Ava DuVernay: There’s a lot of Aunjanue walking around India. I just couldn't cut it. It was just so fantastic to see the sister and the exploration, it was so many good things, I can make a whole ‘nother movie from that. I think the power of cinema is unmatched. The import of this was a feature film. I've done limited series that I feel very proud of, both of these women [Aunjanue and Niecy] are huge parts of “When They See Us,” they’re Emmy-nominated roles in that. But, for me, movies are the queen category, so that's what I wanted to pursue for this.
BET.com: There is so much trauma to unpack inside of "Origin," and we deeply feel Isabel Wilkerson’s losses. How the trauma is portrayed allows some healing for us as well. Aunjanue, what do you think you’ve learned about trauma in playing Isabel during these heartbreaking moments of her life?
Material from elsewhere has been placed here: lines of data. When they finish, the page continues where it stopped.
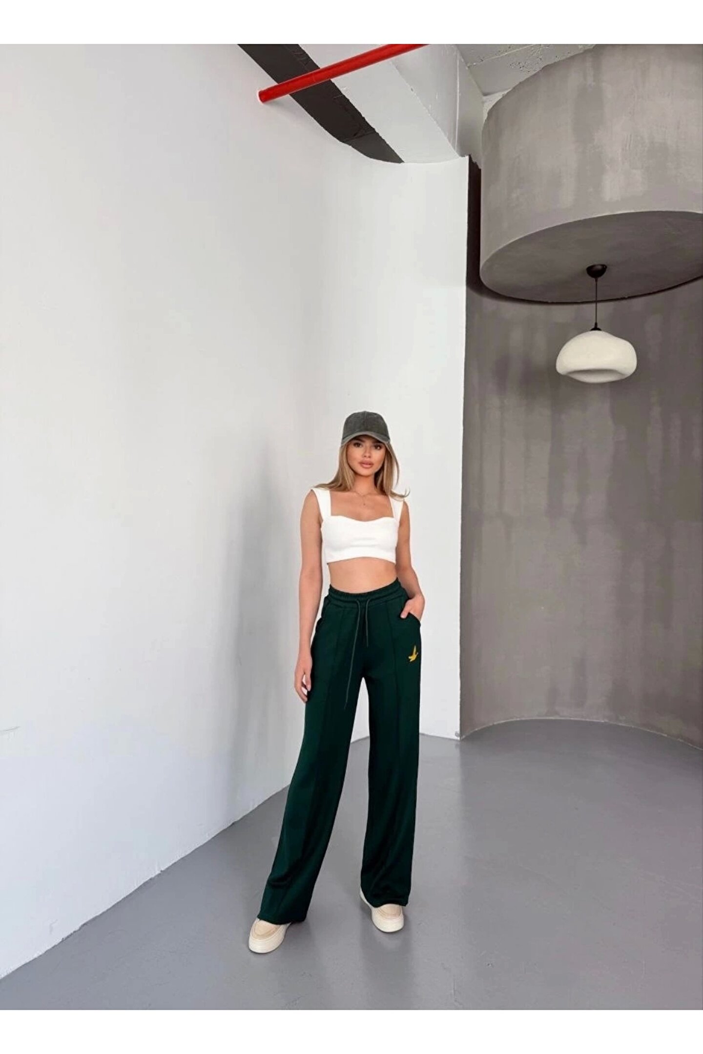 - Yumuşak dokusuyla konfor sunan, nakış işlemeli rahat bol paça eşofman pantolon.; - Beli lastikli tasarımı sayesinde gün boyu rahat hareket etme imkanı sağlar.; - Ter tutmayan kumaşı ile spor aktivitelerinizde bile serin kalmanızı destekler.; - Günlük kullanım için ideal olan bu pantolon, casual tarza sahip bireylerin tercihi olacak.; - Lastikli bel detayı ile mükemmel oturuş ve esneklik sunar; her vücut tipine uyum sağlar.; - Her mevsim rahatlıkla tercih edebileceğiniz, çok yönlü kullanım vaat eder.; - Genç ve dinamik stil sahibi kişiler için tasarlanmıştır; enerjik görünümünüzü tamamlar.; - Standart boy kesimiyle farklı vücut tiplerine uygunluk gösterirken şık bir siluet oluşturur.; - Boru paça tasarımı modern ve zamansız bir görünüm kazandırırken, günlük kombinlerinizde fark yaratmanızı sağlar.; - Pamuklu materyali sayesinde cildiniz nefes alırken maksimum konfor sunar.; - Regular kalıp ile vücudu sarmayan ancak sıkıştırmayan ideal oturuşa sahiptir.; - Cepli yapısı küçük eşyalarınız için pratik saklama alanları sunarken fonksiyonellik katmaktadır.; - Uzun paça boyu bacakları sıcak tutarken şıklığınızdan ödün vermezsiniz.; - Nakışlı / işlemeli deseniyle göz alıcı detaylar ekleyerek kişisel tarzınıza sofistike dokunuşlar ekler.
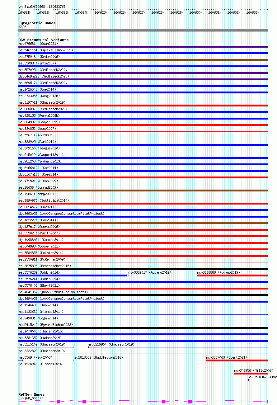Variant DetailsVariant: nsv1124946| Internal ID | 19251438 | | Landmark | | | Location Information | | | Cytoband | 6q26 | | Allele length | | Assembly | Allele length | | hg38 | 13101 | | hg19 | 13101 |
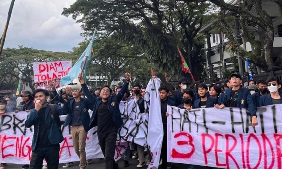Sedangkan, poin tuntutan yang mereka bawa, yaitu Penolakan Penundaan Pemilu 2024, Penolakan Tiga Periode Joko Widodo, Harga Minyak dan Sembako yang melambung drastis hingga harga BBM yang mulai melonjak. (Putut)
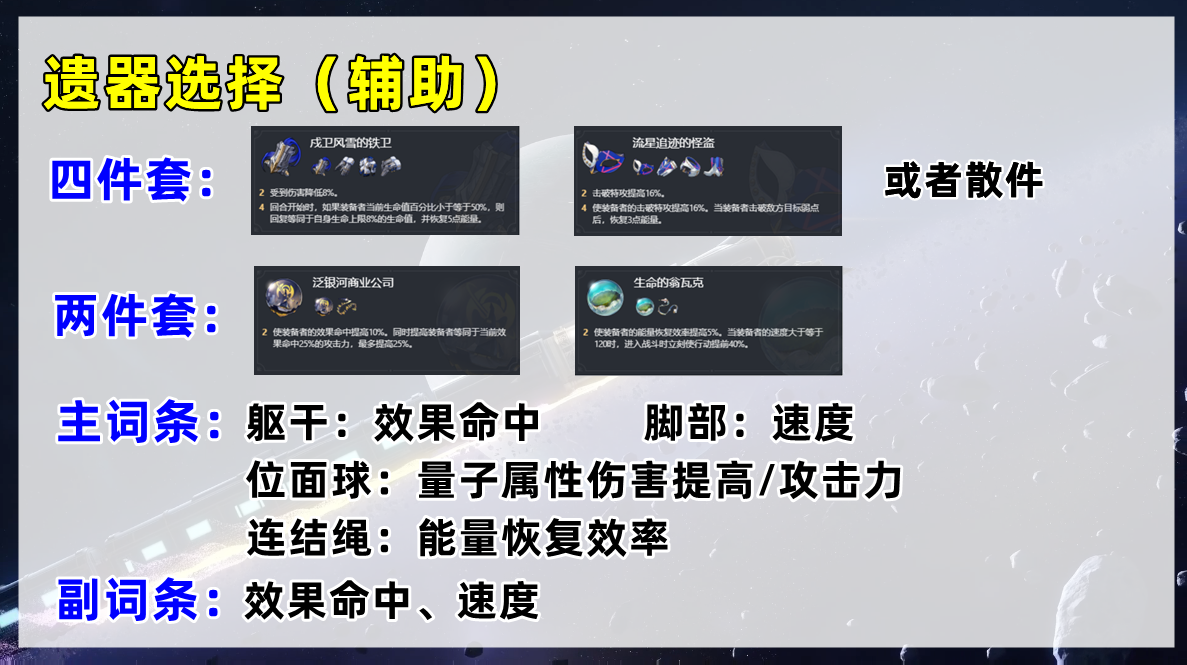 输出路线的四件套推荐量子套繁星璀璨的天才,两件套依然选泛银河商业公司。主词条方面,推荐躯干换成暴击率或暴击伤害,脚部可选速度或攻击力,位面球选量子属性伤害提高,连结绳换成攻击力。副词条推荐先找暴击率和暴击伤害,再找效果命中、速度和攻击力。
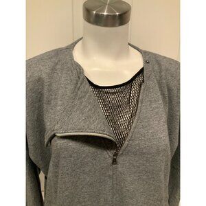 BCBG Max Azria Gray Sweatshirt W/ Pockets & Zip W/ Mesh Neckline, Size M
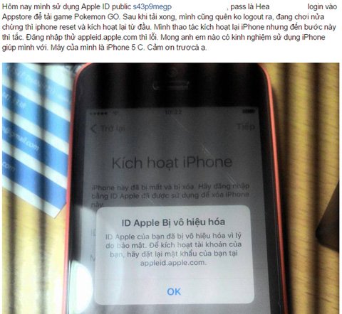 Một cư dân mạng chia sẻ về hiện tượng iPhone bị khoá khi dùng Apple ID lạ để cài Pokemon Go.
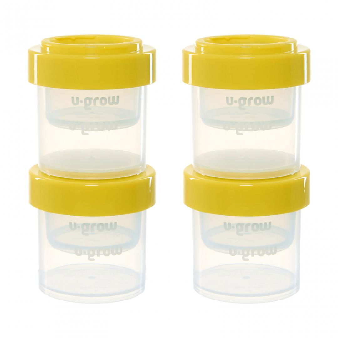 Recipientele pentru stocarea alimentelor U-Grow sunt versatile, usor de utilizat si concepute sa creasca odata cu bebelusul tau. Acestea sunt ideale pentru pastrarea alimentelor atat acasa, cat si in deplasare. Setul este compus din 4 recipiente de 80 ml si 4 recipiente de 220 ml. Capacul se fixează perfect și este etanș, nu se vor scurge niciodată dacă este corect fixat.n

Aunjanue Ellis-Taylor: I feel like, as a Black person in this country, I live with trauma every day. It's just a reality of being a Black American, a descendant of chattel slavery in America. It is just a part of our existence. It's just how you channel it. This was an experience where I could…you know, a lot of times because our jobs ask us to keep that [trauma] at bay; this was a place where I could live with it. I can live with it in a way I could give it space.
And I loved what Ava did visually to do that, to provide that space, to provide the church to do that, to put me on the ground where I was in my heart, I was on the ground and I was having these leaves fall on me and I just think that it was visually arresting. Almost everyone talks about the film, they bring up that story and then for her to take the composition of that scene and switch it up and have Al Bright in that same position, she [Isabel Wilkerson] was reaching in when she was going through it herself, but then she's reaching out when she talks to Al Bright. That’s good!
BET.com: In walking the walk, no background characters existed in "Origin." Everyone was essential in moving the story forward, especially Niecy’s character, Marion. What was the most thrilling thing for you to be a part of yet another Ava DuVernay masterpiece?
Niecy Nash-Betts: Working with my dear friend, Ava, was the most thrilling part for me. First of all, she is so talented. And the fact that she took this book and adapted it in such a way to make it palatable to so many people, I was like, ‘Listen, I'm your friend, but I'm also a fan!’ So Ava will always and forever have me at hello. Then you tack onto the end of that, she's like, ‘Oh yeah and Aunjanue is playing the lead.’ I'm like, ‘What?! Where do I fall in?’ And I'm going to be changed by this material in this work? Yes, I'm working and learning! I love my life!
"Origin" opens wide on January 19th.